# BRIEF:
Every line from the one with "Честь и хвала" up to and including the one with "20192020 Exempt FundraisersCampus: Principal: Provide" is to be output exactly as it appears below; pictures are not.

# PROVIDED MATERIAL:

━━━━━━━━━━━━━━━━

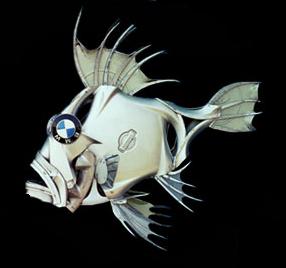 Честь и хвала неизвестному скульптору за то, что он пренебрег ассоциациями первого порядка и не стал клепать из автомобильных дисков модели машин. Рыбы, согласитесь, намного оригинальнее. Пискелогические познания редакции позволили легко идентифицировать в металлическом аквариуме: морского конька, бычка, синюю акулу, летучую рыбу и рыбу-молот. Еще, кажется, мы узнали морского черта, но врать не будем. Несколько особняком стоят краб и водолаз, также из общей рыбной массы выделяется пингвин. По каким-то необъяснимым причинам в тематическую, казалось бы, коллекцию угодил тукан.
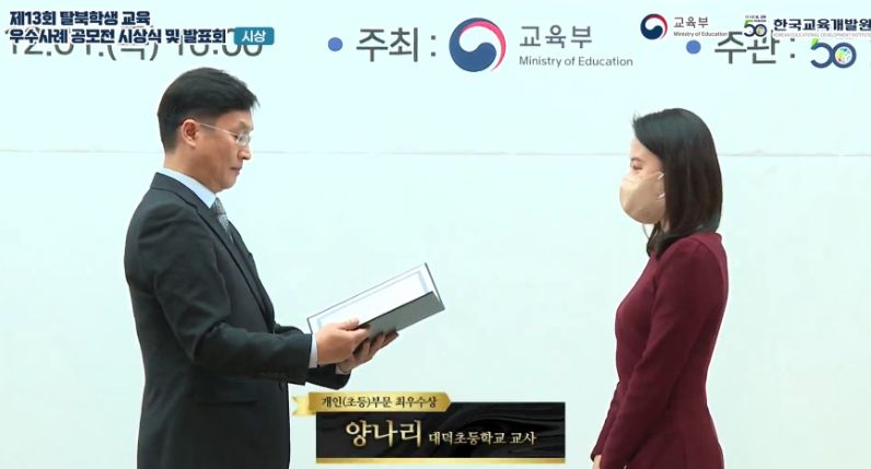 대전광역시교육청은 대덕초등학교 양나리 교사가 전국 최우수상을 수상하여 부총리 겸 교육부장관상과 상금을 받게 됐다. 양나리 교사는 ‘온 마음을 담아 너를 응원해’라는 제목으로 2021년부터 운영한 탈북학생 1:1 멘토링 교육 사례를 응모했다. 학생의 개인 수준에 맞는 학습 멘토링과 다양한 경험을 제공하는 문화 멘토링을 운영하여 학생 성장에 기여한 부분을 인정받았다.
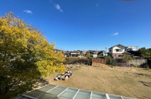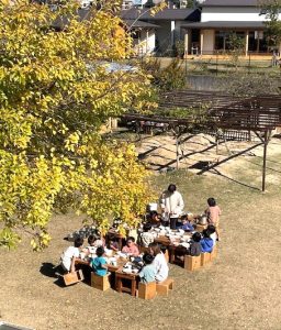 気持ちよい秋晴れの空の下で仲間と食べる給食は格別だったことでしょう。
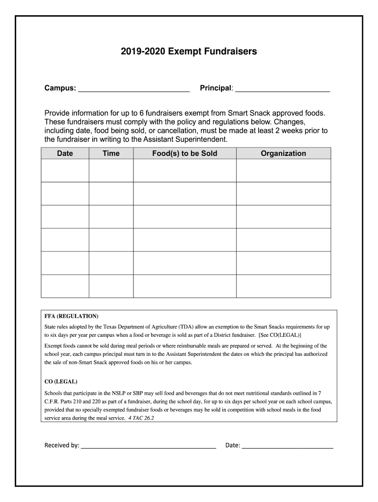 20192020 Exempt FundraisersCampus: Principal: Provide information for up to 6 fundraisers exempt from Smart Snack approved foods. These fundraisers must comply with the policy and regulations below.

━━━━━━━━━━━━━━━━

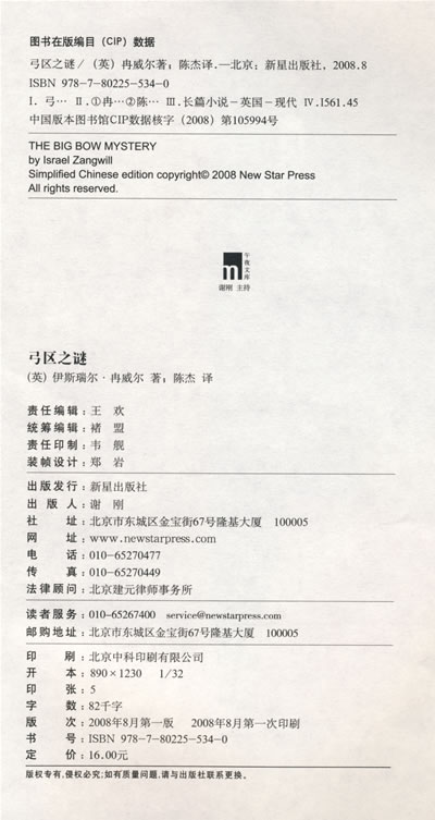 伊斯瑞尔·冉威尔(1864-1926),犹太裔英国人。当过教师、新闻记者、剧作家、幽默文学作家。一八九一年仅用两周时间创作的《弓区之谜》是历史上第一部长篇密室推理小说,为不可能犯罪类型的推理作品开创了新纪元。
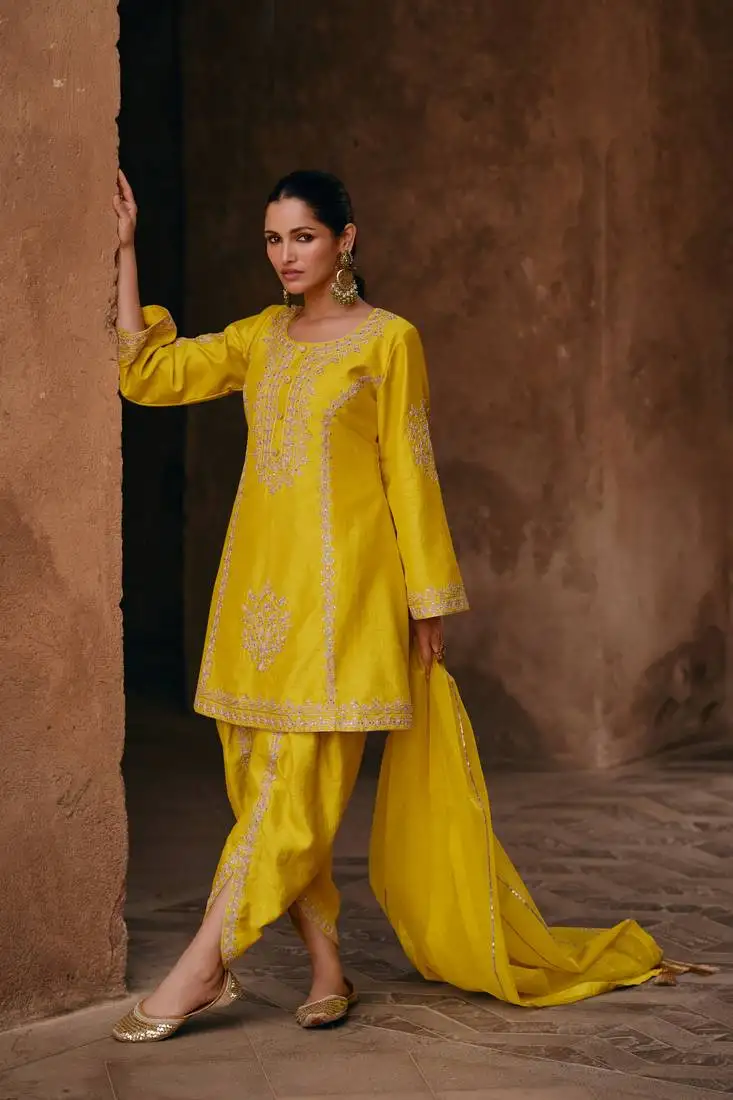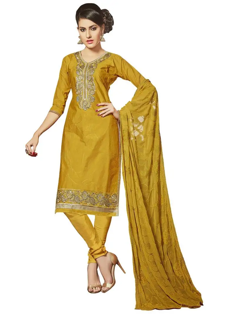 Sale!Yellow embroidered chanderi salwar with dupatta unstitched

━━━━━━━━━━━━━━━━

# REPLY TO THE EXERCISE:
 Честь и хвала неизвестному скульптору за то, что он пренебрег ассоциациями первого порядка и не стал клепать из автомобильных дисков модели машин. Рыбы, согласитесь, намного оригинальнее. Пискелогические познания редакции позволили легко идентифицировать в металлическом аквариуме: морского конька, бычка, синюю акулу, летучую рыбу и рыбу-молот. Еще, кажется, мы узнали морского черта, но врать не будем. Несколько особняком стоят краб и водолаз, также из общей рыбной массы выделяется пингвин. По каким-то необъяснимым причинам в тематическую, казалось бы, коллекцию угодил тукан.
 대전광역시교육청은 대덕초등학교 양나리 교사가 전국 최우수상을 수상하여 부총리 겸 교육부장관상과 상금을 받게 됐다. 양나리 교사는 ‘온 마음을 담아 너를 응원해’라는 제목으로 2021년부터 운영한 탈북학생 1:1 멘토링 교육 사례를 응모했다. 학생의 개인 수준에 맞는 학습 멘토링과 다양한 경험을 제공하는 문화 멘토링을 운영하여 학생 성장에 기여한 부분을 인정받았다.
 気持ちよい秋晴れの空の下で仲間と食べる給食は格別だったことでしょう。
 20192020 Exempt FundraisersCampus: Principal: Provide information for up to 6 fundraisers exempt from Smart Snack approved foods. These fundraisers must comply with the policy and regulations below.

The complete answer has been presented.